Saturday, October 23, 2010

To a crisp

We're deep into the burn today, but not nearly as laggy as you might think. Raven Haalan and the team, organizers and builders and bacon-purveyors alike -  have done a really great job! Raven was even nice enough to edit himself for this photo, when I couldn't get him to rezz quite right.
 I said he was a star for being so cooperative, when he must be multitasking like crazy, but he was quick to play down his role, and seemed sweetly positive when I broached the subject of - what else - doing it all again next year.
Raven Haalan: No, I'm just a helper bee!

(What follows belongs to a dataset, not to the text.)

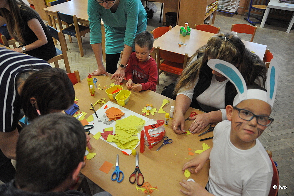 Jako minulý rok – nejprve v tělocvičně pásmo dětských vystoupení a pak už křížem krážem po celé škole. V prvním patře prodej hotových výrobků s velikonoční tematikou. Pocitově proti loňsku přibylo dílniček, něco bylo skoro v každé třídě – od maličkostí po vcelku propracované artefakty.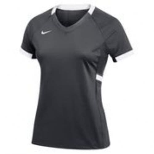 Nike Girl's Elite Short Sleeve Volleyball Jersey Nike Dri-FIT technology moves sweat away from your skin for quicker evaporation, helping you stay dry and comfortable. Stretchy fabric—and panels with extra stretch at the sides—lets you lay out for the save or dig deep with limited restrictions and distractions. 89% POLYESTER 11% SPANDEX.

Next year? lol yah, of course! This is just a start, not the end, the team is good this year, and everyone is playin' nice, mostly, which makes for many smiles, if tired ones.
This was the scene at the Main Stage, lots of jugglers and people on stilts, I showed up in time to hear the excellent group ♫~D R U M~♫ Divine Rhythms of Universal Music, they're a seven-strong drum ensemble, including Lorin Tone, who puts the group's success down to the beneficial effects of bashing things.  If you've never heard them play, you can catch them tomorrow at noon for the opening of super spooky Halloween- themed The Unknown Country.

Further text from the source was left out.